The group of Professor Yasuhiro Oshima of Tokyo Institute of Technology succeeded in taking continuous images of molecules rotating at a pace of 1 billion times or more per second by making full use of technology that controls molecular motion by light. Did.It will be a measurement technology that will be indispensable for cutting-edge material research in the future.

 In order to observe the rotation of molecules, it is necessary to take pictures on a very fine time scale.This is not enough to shoot 1 million frames per second, which is possible with a commercially available high-speed camera.The problem of the number of frames has already been cleared by irradiating a laser that can irradiate 2 trillion times per second.However, it was still necessary to clear two issues in order to observe the rotation of the molecule.
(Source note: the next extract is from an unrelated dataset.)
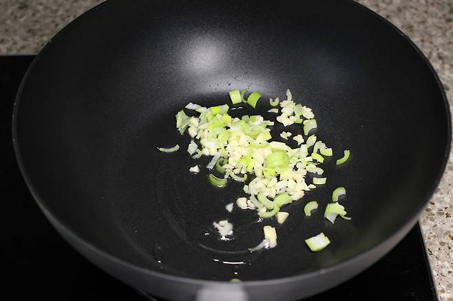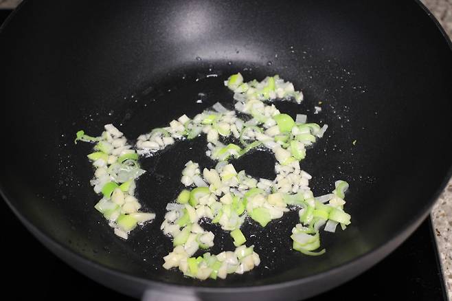 대파를 먼저 자글자글 볶아요. 기름에 볶아지면 대파의 달달한 향이 올라와요.

One is that it is not possible to follow the movement of each and every molecule that rotates at high speed and minute.The other was that the molecule had to be in a dilute gaseous state. The first task was to find out that the direction of rotation can be aligned by irradiating two lasers in a row for a very short time.Another challenge could be solved by continuously irradiating the third powerful laser.Molecules exposed to a powerful laser emit multiple electrons from the inside.At this time, the atoms that made up the molecule explode and scatter into pieces.Since the direction of flight coincides with the orientation of the molecule immediately before the explosion, it is possible to investigate the distribution of the orientation of the molecule by detecting the debris.By creating a state in which the molecules are aligned and rotating in this way, bursting them one by one to make them into a gas state, and examining them, we succeeded in capturing the rotation of the molecules as a moving image.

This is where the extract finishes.